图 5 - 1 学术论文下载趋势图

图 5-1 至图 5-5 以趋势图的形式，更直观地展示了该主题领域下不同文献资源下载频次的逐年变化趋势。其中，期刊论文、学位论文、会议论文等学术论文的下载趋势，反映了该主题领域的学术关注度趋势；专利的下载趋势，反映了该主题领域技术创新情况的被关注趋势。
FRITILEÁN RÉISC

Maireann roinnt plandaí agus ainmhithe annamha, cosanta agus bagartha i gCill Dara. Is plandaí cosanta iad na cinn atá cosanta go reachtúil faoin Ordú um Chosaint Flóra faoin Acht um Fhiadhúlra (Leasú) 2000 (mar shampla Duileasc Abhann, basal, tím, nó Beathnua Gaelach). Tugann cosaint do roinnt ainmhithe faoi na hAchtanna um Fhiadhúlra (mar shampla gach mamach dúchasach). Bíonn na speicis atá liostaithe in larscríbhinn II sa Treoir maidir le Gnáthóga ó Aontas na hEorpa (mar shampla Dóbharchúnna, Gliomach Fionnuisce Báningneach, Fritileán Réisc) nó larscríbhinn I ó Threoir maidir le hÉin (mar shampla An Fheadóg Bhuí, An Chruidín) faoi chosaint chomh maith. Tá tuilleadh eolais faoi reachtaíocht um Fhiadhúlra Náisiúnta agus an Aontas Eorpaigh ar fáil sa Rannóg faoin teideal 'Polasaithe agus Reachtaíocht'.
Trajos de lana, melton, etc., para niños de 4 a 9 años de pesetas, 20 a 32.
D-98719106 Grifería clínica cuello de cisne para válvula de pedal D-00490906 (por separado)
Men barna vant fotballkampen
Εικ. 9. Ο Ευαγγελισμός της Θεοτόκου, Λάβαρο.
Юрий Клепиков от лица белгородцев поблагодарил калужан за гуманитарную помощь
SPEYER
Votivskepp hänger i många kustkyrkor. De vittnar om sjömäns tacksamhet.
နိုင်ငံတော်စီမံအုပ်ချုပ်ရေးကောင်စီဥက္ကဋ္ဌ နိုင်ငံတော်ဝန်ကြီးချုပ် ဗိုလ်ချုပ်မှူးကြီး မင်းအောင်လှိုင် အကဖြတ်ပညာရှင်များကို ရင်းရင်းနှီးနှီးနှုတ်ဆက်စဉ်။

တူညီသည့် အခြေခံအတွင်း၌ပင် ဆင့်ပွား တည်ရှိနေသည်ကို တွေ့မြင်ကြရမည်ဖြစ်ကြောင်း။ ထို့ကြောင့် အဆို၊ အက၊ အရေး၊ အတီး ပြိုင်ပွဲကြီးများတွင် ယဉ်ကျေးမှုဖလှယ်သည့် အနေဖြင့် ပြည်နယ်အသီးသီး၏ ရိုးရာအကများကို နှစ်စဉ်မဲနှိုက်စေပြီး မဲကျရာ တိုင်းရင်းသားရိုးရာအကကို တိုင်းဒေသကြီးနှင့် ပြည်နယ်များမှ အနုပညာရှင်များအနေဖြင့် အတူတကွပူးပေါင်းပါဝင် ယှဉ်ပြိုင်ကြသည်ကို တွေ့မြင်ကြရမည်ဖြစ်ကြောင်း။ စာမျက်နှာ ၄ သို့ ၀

────────────────────────────────────────

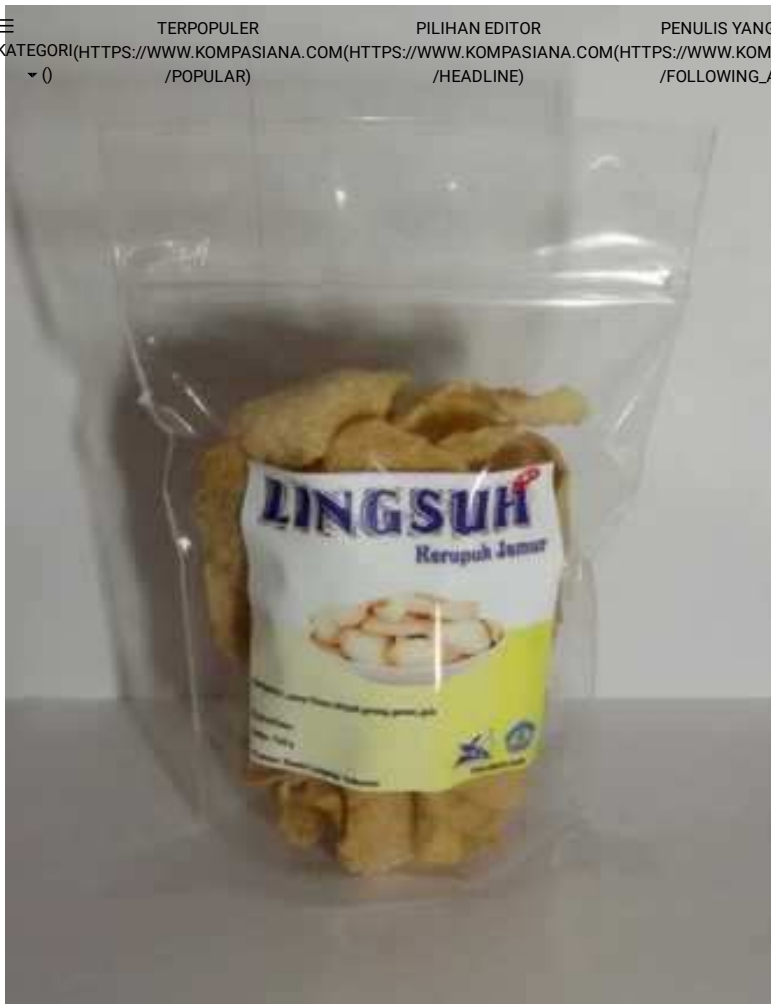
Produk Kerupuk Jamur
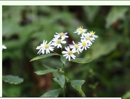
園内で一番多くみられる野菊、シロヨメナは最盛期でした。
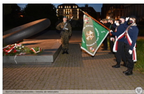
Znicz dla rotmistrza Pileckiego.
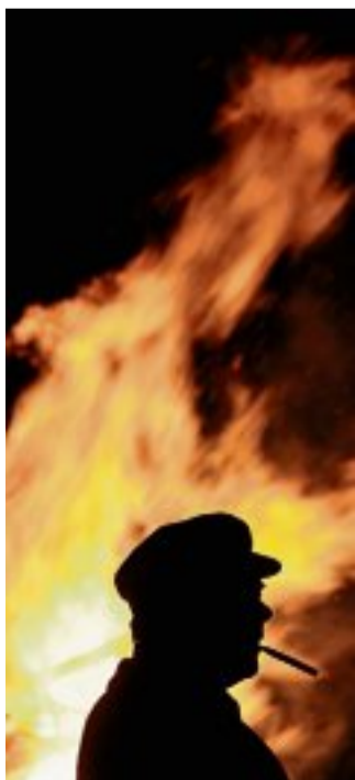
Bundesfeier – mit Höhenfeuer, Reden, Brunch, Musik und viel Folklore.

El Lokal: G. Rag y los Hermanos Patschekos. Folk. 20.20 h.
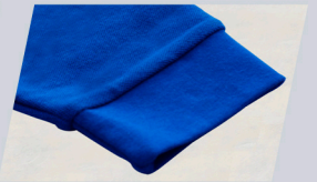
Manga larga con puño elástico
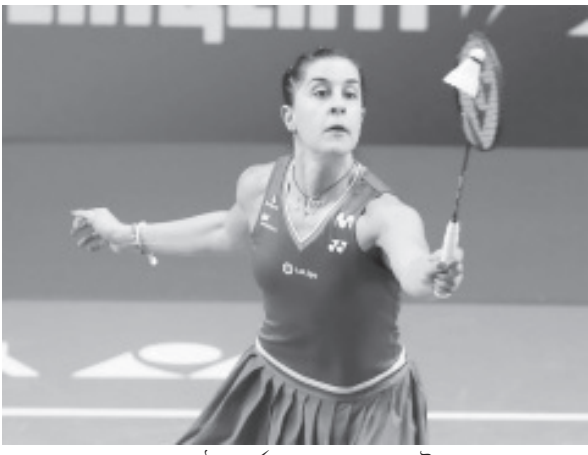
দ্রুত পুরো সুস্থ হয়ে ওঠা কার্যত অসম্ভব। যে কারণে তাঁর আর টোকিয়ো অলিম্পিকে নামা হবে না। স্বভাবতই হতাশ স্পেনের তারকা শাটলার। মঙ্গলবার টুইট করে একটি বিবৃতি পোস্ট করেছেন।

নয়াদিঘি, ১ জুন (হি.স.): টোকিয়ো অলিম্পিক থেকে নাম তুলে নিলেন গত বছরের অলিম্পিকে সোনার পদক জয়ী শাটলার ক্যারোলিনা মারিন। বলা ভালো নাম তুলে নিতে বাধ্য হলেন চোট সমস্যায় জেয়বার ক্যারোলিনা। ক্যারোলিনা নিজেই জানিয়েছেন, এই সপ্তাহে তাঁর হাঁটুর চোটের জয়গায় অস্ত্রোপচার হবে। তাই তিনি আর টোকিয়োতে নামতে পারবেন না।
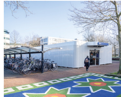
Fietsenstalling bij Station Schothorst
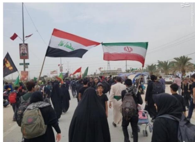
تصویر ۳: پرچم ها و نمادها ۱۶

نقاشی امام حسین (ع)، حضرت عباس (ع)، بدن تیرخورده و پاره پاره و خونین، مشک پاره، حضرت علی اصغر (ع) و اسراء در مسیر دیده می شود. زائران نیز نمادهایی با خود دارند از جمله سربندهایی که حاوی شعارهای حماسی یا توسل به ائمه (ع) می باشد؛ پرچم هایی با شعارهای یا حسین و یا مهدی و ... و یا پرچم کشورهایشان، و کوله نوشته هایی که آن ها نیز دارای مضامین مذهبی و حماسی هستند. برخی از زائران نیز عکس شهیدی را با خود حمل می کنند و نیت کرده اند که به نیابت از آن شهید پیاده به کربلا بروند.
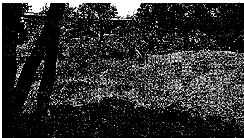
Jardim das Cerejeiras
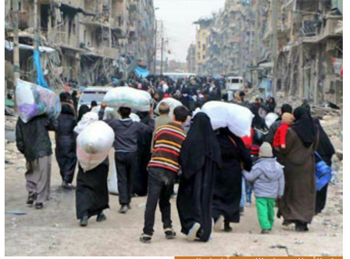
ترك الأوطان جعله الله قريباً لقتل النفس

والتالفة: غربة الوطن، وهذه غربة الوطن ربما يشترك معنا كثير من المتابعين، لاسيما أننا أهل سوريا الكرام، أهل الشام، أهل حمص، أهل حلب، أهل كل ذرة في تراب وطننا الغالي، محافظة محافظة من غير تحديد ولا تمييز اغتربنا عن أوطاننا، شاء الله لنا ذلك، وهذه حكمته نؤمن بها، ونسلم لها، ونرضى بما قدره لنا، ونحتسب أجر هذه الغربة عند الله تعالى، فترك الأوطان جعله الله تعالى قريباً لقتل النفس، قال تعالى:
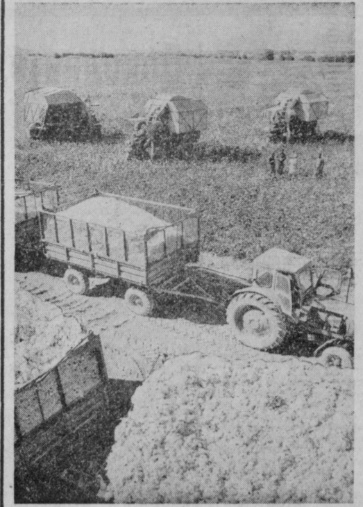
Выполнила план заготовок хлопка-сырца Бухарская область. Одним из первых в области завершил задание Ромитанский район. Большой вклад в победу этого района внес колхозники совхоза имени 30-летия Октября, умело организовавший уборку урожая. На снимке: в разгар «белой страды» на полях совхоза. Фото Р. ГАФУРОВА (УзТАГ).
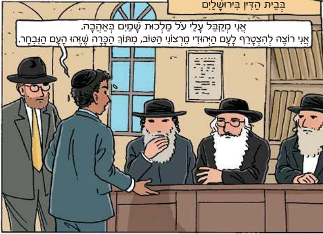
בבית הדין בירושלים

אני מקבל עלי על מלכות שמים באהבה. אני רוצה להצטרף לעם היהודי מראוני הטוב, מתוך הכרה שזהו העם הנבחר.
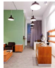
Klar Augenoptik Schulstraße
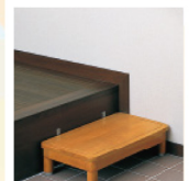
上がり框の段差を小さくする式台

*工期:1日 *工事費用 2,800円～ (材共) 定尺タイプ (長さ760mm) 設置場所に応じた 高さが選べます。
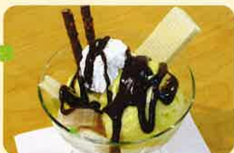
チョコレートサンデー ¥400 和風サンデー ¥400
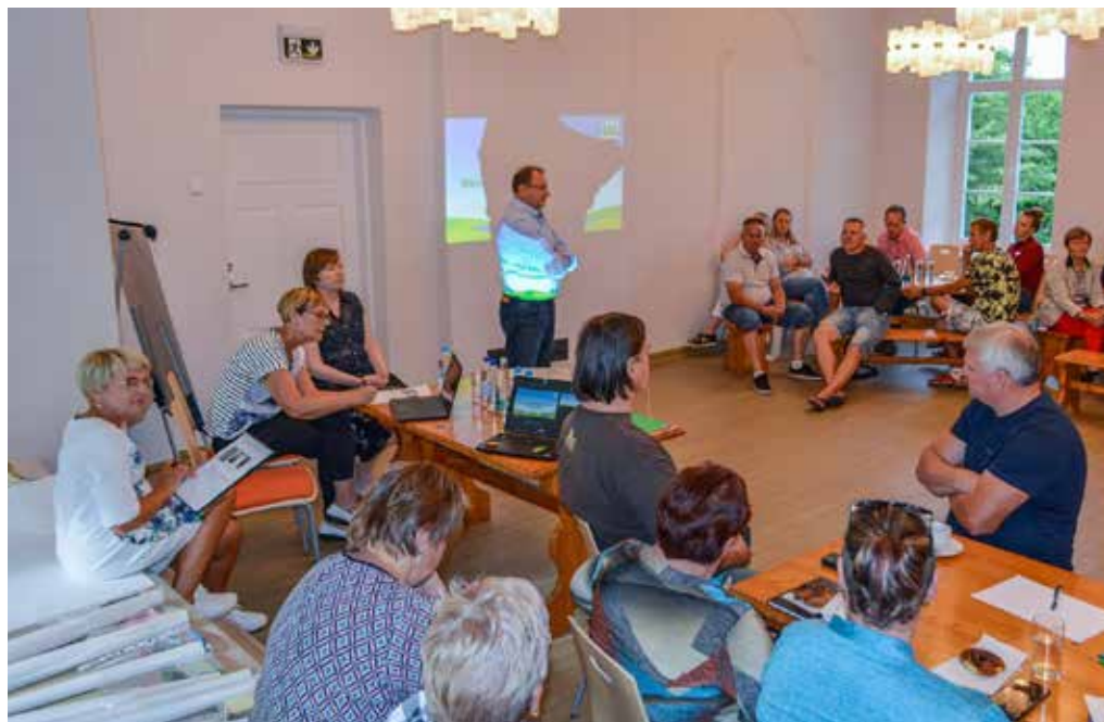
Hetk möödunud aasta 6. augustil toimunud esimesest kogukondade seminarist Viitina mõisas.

────────────────────────────────────────

** WHAT YOU NEED TO DO **
Among the entries above, copy exactly only the lines starting with the one containing "图 5 - 1 学术论文下载趋势图" and going through the one containing "နိုင်ငံတော်ဝန်ကြီးချုပ် ဗိုလ်ချုပ်မှူးကြီး မင်းအောင်လှိုင်", both ends included.

** RESPONSE BOX **
图 5 - 1 学术论文下载趋势图

图 5-1 至图 5-5 以趋势图的形式，更直观地展示了该主题领域下不同文献资源下载频次的逐年变化趋势。其中，期刊论文、学位论文、会议论文等学术论文的下载趋势，反映了该主题领域的学术关注度趋势；专利的下载趋势，反映了该主题领域技术创新情况的被关注趋势。
FRITILEÁN RÉISC

Maireann roinnt plandaí agus ainmhithe annamha, cosanta agus bagartha i gCill Dara. Is plandaí cosanta iad na cinn atá cosanta go reachtúil faoin Ordú um Chosaint Flóra faoin Acht um Fhiadhúlra (Leasú) 2000 (mar shampla Duileasc Abhann, basal, tím, nó Beathnua Gaelach). Tugann cosaint do roinnt ainmhithe faoi na hAchtanna um Fhiadhúlra (mar shampla gach mamach dúchasach). Bíonn na speicis atá liostaithe in larscríbhinn II sa Treoir maidir le Gnáthóga ó Aontas na hEorpa (mar shampla Dóbharchúnna, Gliomach Fionnuisce Báningneach, Fritileán Réisc) nó larscríbhinn I ó Threoir maidir le hÉin (mar shampla An Fheadóg Bhuí, An Chruidín) faoi chosaint chomh maith. Tá tuilleadh eolais faoi reachtaíocht um Fhiadhúlra Náisiúnta agus an Aontas Eorpaigh ar fáil sa Rannóg faoin teideal 'Polasaithe agus Reachtaíocht'.
Trajos de lana, melton, etc., para niños de 4 a 9 años de pesetas, 20 a 32.
D-98719106 Grifería clínica cuello de cisne para válvula de pedal D-00490906 (por separado)
Men barna vant fotballkampen
Εικ. 9. Ο Ευαγγελισμός της Θεοτόκου, Λάβαρο.
Юрий Клепиков от лица белгородцев поблагодарил калужан за гуманитарную помощь
SPEYER
Votivskepp hänger i många kustkyrkor. De vittnar om sjömäns tacksamhet.
နိုင်ငံတော်စီမံအုပ်ချုပ်ရေးကောင်စီဥက္ကဋ္ဌ နိုင်ငံတော်ဝန်ကြီးချုပ် ဗိုလ်ချုပ်မှူးကြီး မင်းအောင်လှိုင် အကဖြတ်ပညာရှင်များကို ရင်းရင်းနှီးနှီးနှုတ်ဆက်စဉ်။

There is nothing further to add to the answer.